To a surprising degree, the voters perceived the Republicans as doing very much the same thing for their own constituencies in 2006 and kicked them out of power in the House and Senate and in 2008 from the White House. But the people didn't get what they were promised by Obama, who very soon took Republican fiscal hypocrisy and let the Dem majorities turn it into warp speed Weimar-type hyper-spending with a dollar losing all international credibility:
Enter the Obama administration, the first one born and raised inside this public bubble, with zero private-sector Cabinet members. Act one: a $787 billion stimulus bill, which they brag mainly saved state and local jobs. Then came the six-month odyssey for Obama's $1 trillion health-care bill, dripping with taxes. Independent voters felt like everything was being sucked into a public-sector vortex.

This is why New Jersey's Chris Christie won running on nothing. It's why in California Carly Fiorina is within three points of Sen. Barbara Boxer. It's why the party JFK enabled, "the machine," is hitting the wall.

The Democrats are being strangled like Laocoan in the famous statue by the enormous python called the public sector unions who along with their AFL-CIO & UAW & NEA & AFTA counterparts are beginning to strangle the US economy. Indeed, it was the sleazy corrupt deal that the Dems made with the unions over tax breaks on their Cadillac health care programs that sent Scott Brown's numbers soaring from 20 points BEHIND on Dec. 28th to 5 points AHEAD on January 19th. After the Louisiana Purchase and the Cornhusker Kickback, the immense unprecedented kickback to the unions showed the total corruption of the Democrats and Scott Brown gained MORE THAN A POINT A DAY with completely disgusted Massachusetts voters sick and tired of being treated as tax serfs.
There's no way out for these Democrats. They made a Faustian bargain 40 years ago with the public unions. For the outlays alone, they'll get some version of the Obama health-care bill. They'll also go to the same old "populist anger" well.

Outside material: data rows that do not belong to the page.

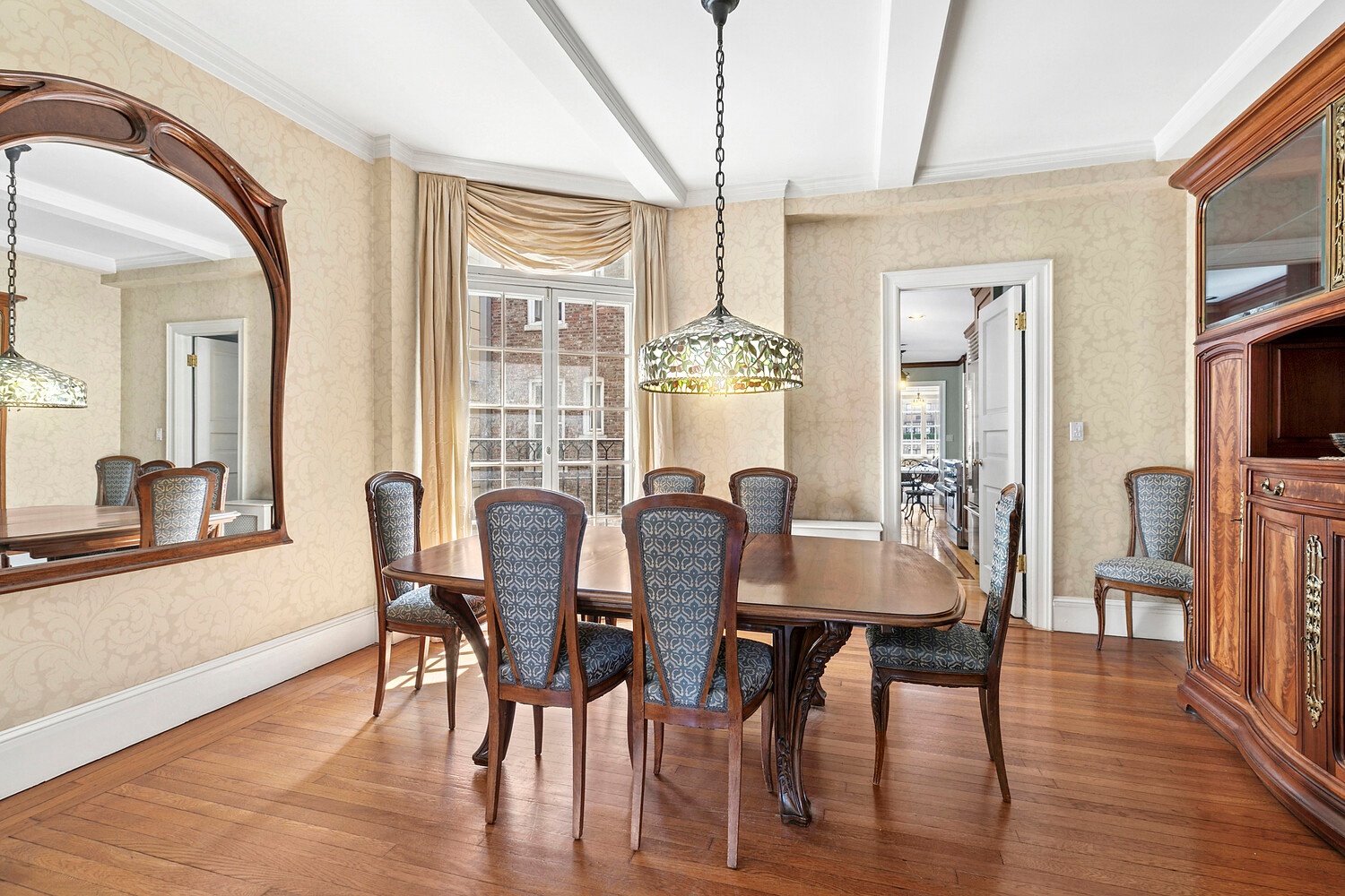 Pocket doors connect to the formal dining room, which can accommodate a twelve-seat table and opens to a second Juliette balcony. The adjacent chef's kitchen extends over 30 feet, with cherrywood cabinetry, Fulper tile and custom hardwood floors, Subzero, Miele, and Thermador appliances, a walk-in pantry, and a custom cherrywood banquette breakfast nook. Beyond lies a spacious den/media room with custom millwork, grasscloth wallcovering, ample closets, and a secondary entrance.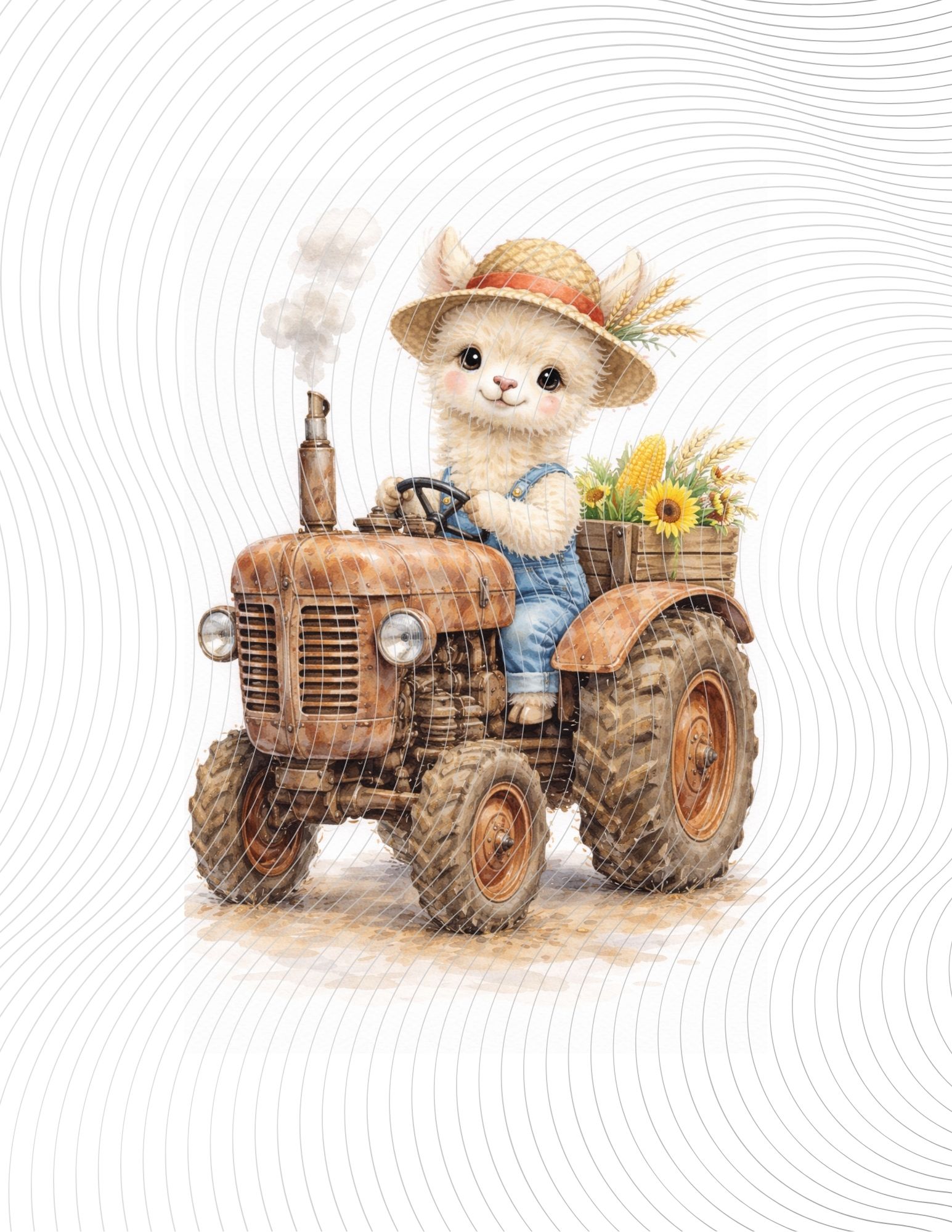 A baby llama farmer driving a rusty tractor, wearing overalls and straw hat, illustrated in warm, cheerful watercolor style.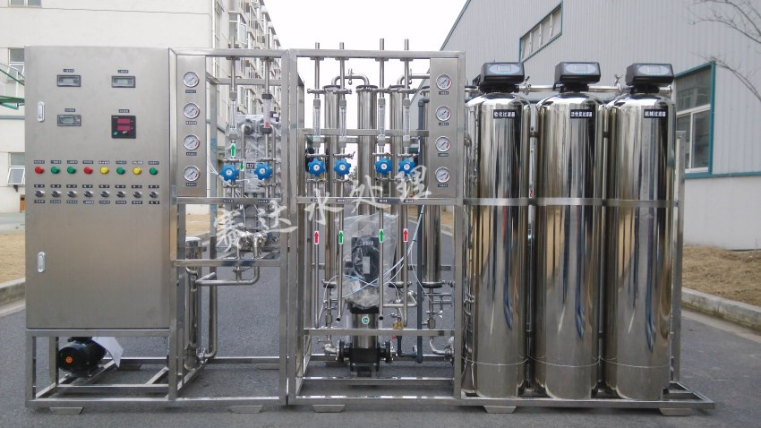 原水→原水加壓泵→多介質過濾器→活性炭過濾器→軟水器→精密過濾器→一級反滲透主機→中間水箱→中間水泵→EDI系統→微孔過濾器→用水點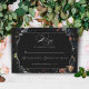 This chic RSVP design features an 18th century Dutch floral still life, including white, red and gold tulips and wildflowers, on a black background with custom center label, complementary floral graphics and elegant flowing custom calligraphy. The back features an optional floral wreath with monogram template.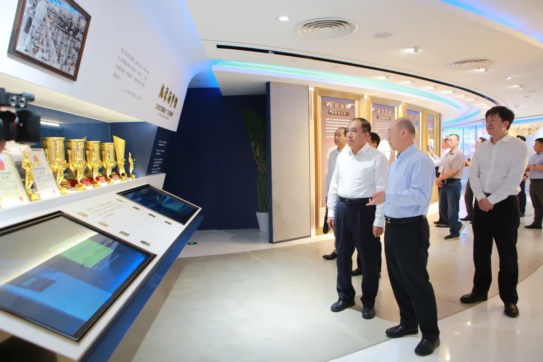 座谈会前,,,,,常张利陪同董兆伟一行旅行了集团展厅。。。。。。。。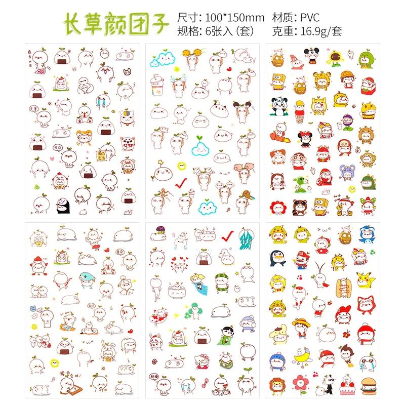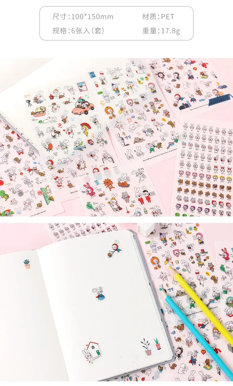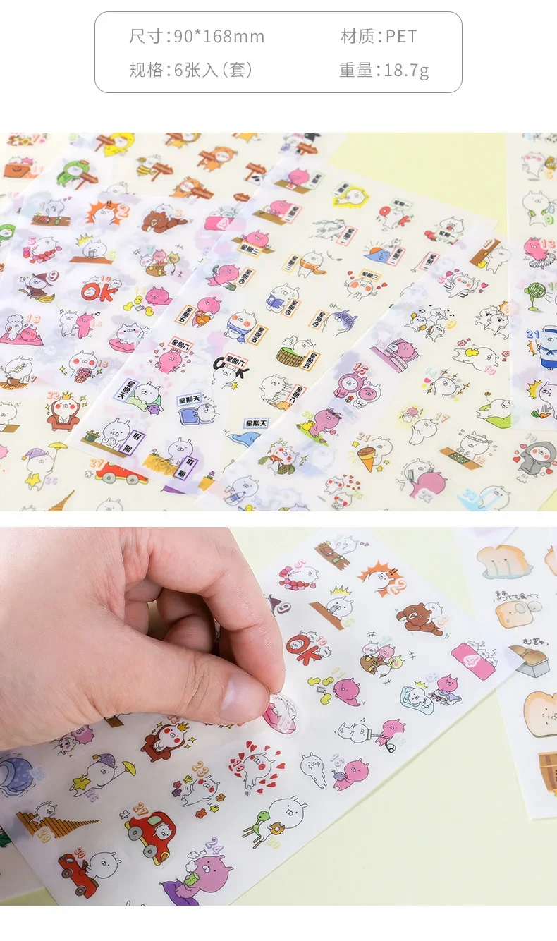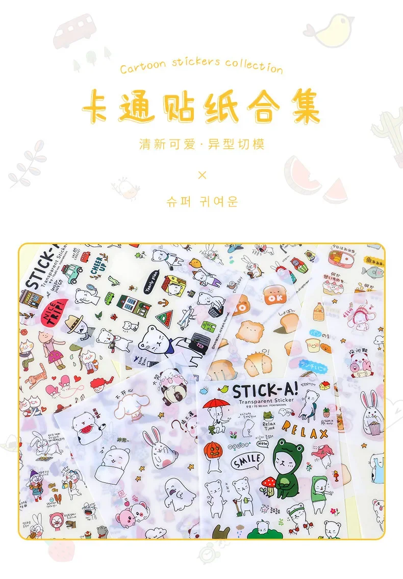 6Pcs/Lot Waterproof Cartoon Transparent Pvc Stickers DIY Hand Account Diary Decorative Stickers Kawaii Phone Cup Stickers

Scott Brown's victory has given the GOP a rare, narrow chance to align itself with an electorate that understands its anger. Now the GOP has to find a way to disconnect from a political legacy that smothered governments at all levels and is now smothering the Democratic Party.

After watching an interview of Mitch McConnell by Greta van S. last night, I doubt that the old Minority Leader's nuanced laid-back logrolling will suffice to keep the Republicans rolling toward a takeover of the House and gaining seven seats in the Senate. Courtly and cunning is charming, but it takes the brilliant simple clarity of Scott Brown, who responded to Obama's airy dismissal of his pickup truck with characteristic intensity: "We should be in an economy where more people can afford to buy a flatbed."

As Larry Kudlow said of Scott elsewhere:
It is, in fact, an economic-growth message, the likes of which we haven't heard since Jack Kemp promoted it in the late 1970s. And the brilliance of Scott Brown was to use the JFK tax cuts -- an across-the-board reduction in marginal tax rates -- to attract Democrats and independents to his message.

An across-the-board tax cut is the fairest pro-growth message of them all. Lower tax rates for everybody. Get out of the box of rich people and class warfare. For the Ted Kennedy Democrats, that box has been a loser for decades. But for timid Republicans always on the defensive, now is the time to break out and adopt the Scott Brown theme.

This is what Reagan did. This is why the Gipper touted JFK's across-the-board tax cuts. Republicans must now be bold and fight for across-the-board tax relief, for families, individuals and businesses, along with smaller government, fewer services and across-the-board spending cuts.

While Team Obama is fighting for more government employment, with trillions of dollars of spending, it is time for Republicans to fight for private free-enterprise employment by letting folks keep more of what they earn and by providing new incentives for the extra hour worked and the extra investment dollar put at risk.

This is where the GOP must go. Republicans should not let another day pass without unleashing a fusillade of new tax-cutting proposals to get America moving again.